### [TASK REQUIREMENTS]
The answer is the exact run of lines in the listing below from the line containing "斑头雁两性相似,但雌鸟略小。" up to and including the line containing "[엄지척]퍼프 기본 3색", with pictures removed.

### [INPUT RECORDS]
□ □ □ □

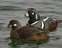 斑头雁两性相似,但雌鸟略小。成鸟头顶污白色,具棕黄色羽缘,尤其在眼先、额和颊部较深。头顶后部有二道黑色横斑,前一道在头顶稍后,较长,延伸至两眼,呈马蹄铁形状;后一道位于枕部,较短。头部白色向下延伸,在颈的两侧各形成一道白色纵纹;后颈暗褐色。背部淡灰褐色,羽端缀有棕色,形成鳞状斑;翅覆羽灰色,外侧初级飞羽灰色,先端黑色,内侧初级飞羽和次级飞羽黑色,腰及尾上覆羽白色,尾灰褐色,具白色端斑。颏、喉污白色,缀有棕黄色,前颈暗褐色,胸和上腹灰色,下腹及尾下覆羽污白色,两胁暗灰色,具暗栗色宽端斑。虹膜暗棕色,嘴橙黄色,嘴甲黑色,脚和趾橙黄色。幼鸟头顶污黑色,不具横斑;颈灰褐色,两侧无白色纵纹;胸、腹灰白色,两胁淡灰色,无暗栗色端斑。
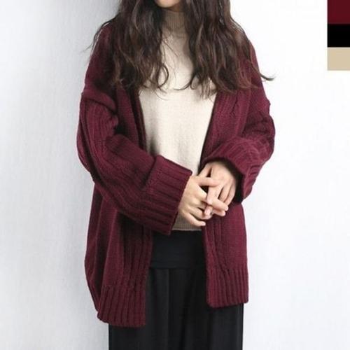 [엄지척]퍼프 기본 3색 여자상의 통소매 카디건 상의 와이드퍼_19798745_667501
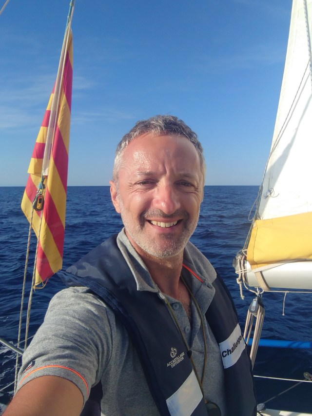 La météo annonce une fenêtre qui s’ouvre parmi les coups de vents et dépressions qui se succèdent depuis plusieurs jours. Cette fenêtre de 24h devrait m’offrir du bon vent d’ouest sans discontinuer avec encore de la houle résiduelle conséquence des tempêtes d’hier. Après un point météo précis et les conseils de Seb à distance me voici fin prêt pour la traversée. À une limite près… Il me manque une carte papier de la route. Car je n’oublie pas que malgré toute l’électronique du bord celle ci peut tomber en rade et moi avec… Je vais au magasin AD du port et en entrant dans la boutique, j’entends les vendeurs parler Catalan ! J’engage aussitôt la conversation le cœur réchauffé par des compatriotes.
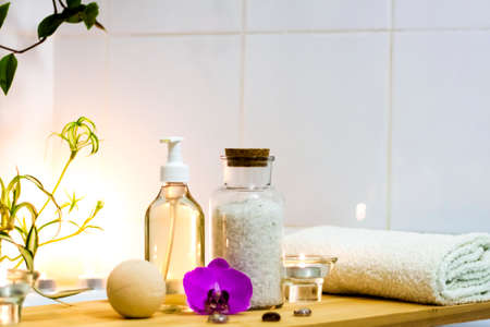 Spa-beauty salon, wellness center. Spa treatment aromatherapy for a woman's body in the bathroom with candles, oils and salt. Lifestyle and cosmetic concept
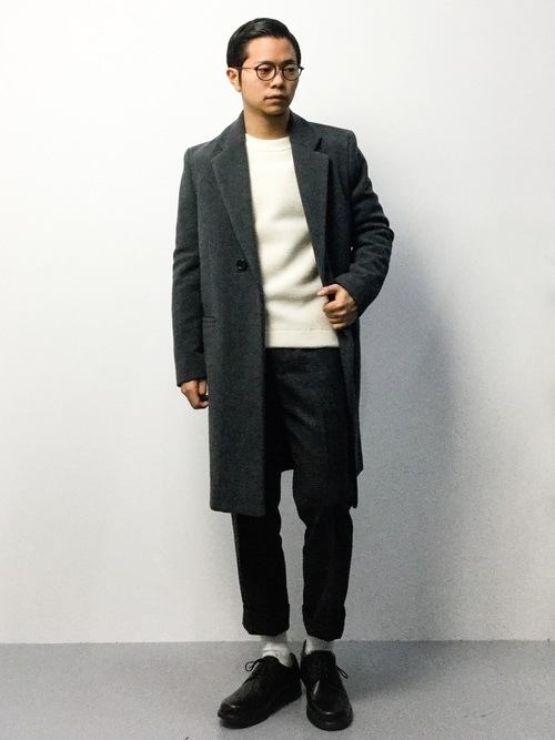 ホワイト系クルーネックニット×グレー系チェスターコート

□ □ □ □

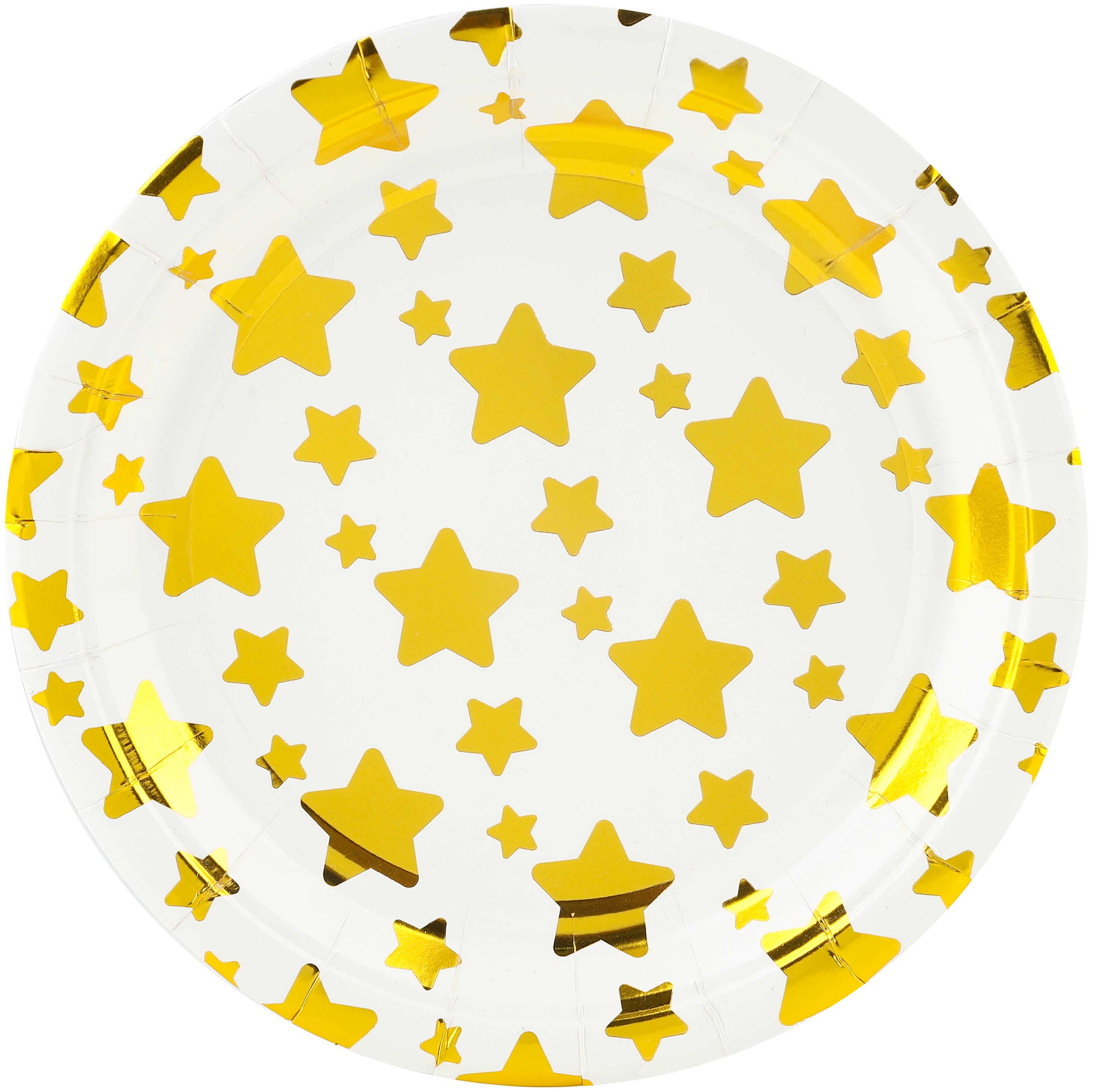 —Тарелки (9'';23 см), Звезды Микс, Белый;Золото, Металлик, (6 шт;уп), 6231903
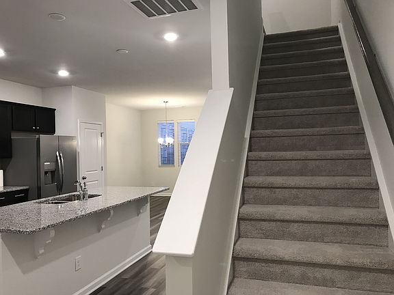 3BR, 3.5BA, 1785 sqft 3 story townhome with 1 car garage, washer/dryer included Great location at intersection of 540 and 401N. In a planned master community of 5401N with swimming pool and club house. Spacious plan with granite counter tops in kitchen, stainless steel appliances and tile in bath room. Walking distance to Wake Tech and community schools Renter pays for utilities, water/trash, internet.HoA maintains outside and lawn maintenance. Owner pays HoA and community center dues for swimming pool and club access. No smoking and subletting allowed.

□ □ □ □

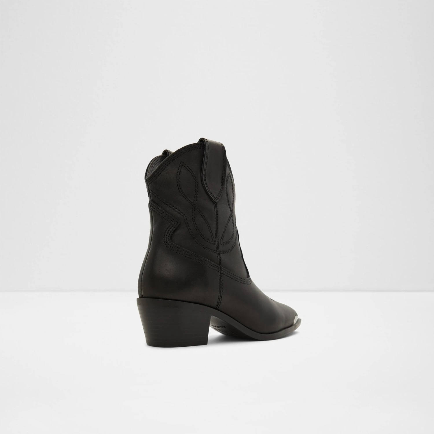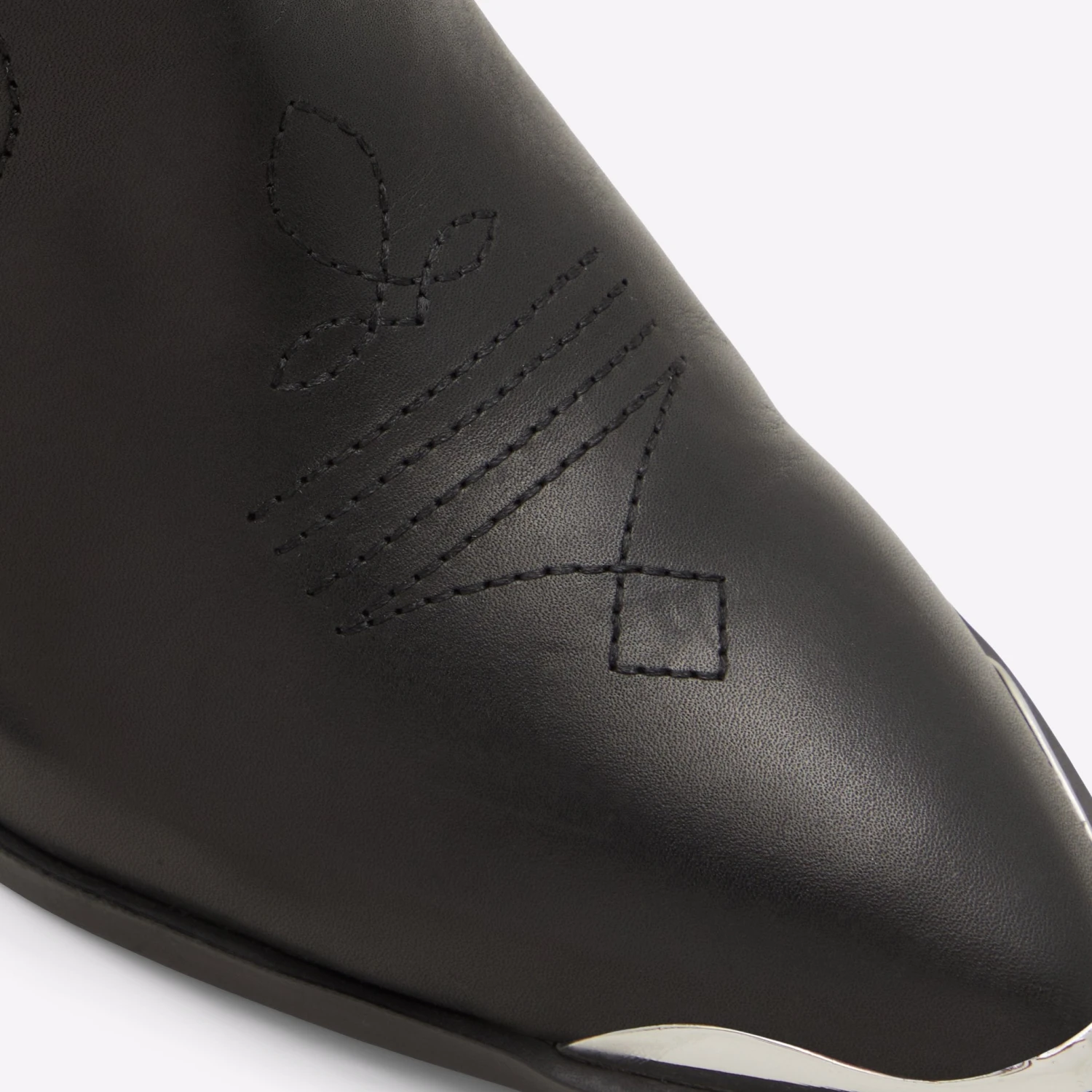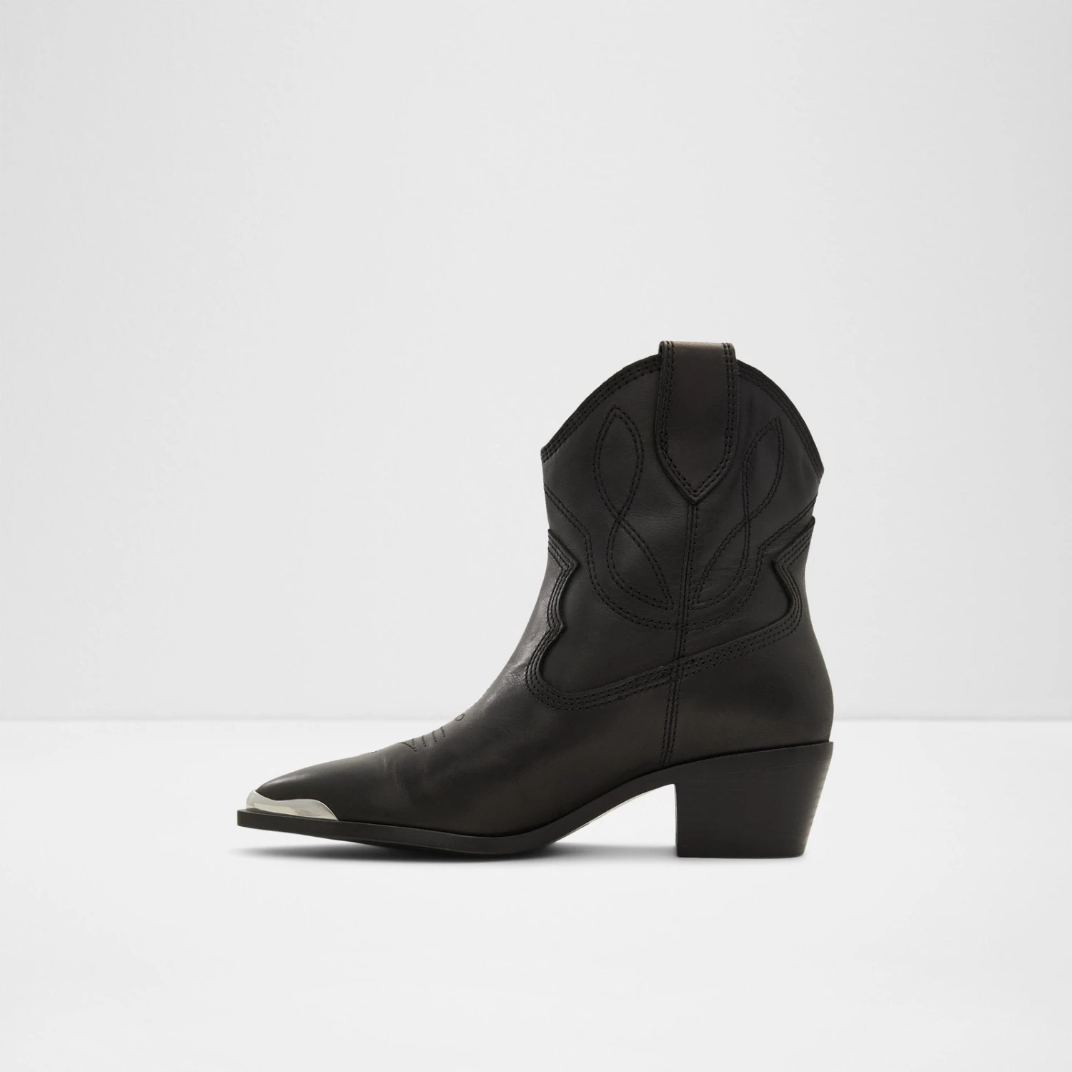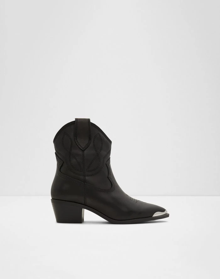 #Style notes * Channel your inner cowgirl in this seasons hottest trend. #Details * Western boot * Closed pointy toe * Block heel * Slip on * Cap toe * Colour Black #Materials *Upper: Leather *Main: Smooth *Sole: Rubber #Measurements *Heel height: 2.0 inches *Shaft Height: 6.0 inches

□ □ □ □

### [EXPECTED ANSWER]
 斑头雁两性相似,但雌鸟略小。成鸟头顶污白色,具棕黄色羽缘,尤其在眼先、额和颊部较深。头顶后部有二道黑色横斑,前一道在头顶稍后,较长,延伸至两眼,呈马蹄铁形状;后一道位于枕部,较短。头部白色向下延伸,在颈的两侧各形成一道白色纵纹;后颈暗褐色。背部淡灰褐色,羽端缀有棕色,形成鳞状斑;翅覆羽灰色,外侧初级飞羽灰色,先端黑色,内侧初级飞羽和次级飞羽黑色,腰及尾上覆羽白色,尾灰褐色,具白色端斑。颏、喉污白色,缀有棕黄色,前颈暗褐色,胸和上腹灰色,下腹及尾下覆羽污白色,两胁暗灰色,具暗栗色宽端斑。虹膜暗棕色,嘴橙黄色,嘴甲黑色,脚和趾橙黄色。幼鸟头顶污黑色,不具横斑;颈灰褐色,两侧无白色纵纹;胸、腹灰白色,两胁淡灰色,无暗栗色端斑。
 [엄지척]퍼프 기본 3색 여자상의 통소매 카디건 상의 와이드퍼_19798745_667501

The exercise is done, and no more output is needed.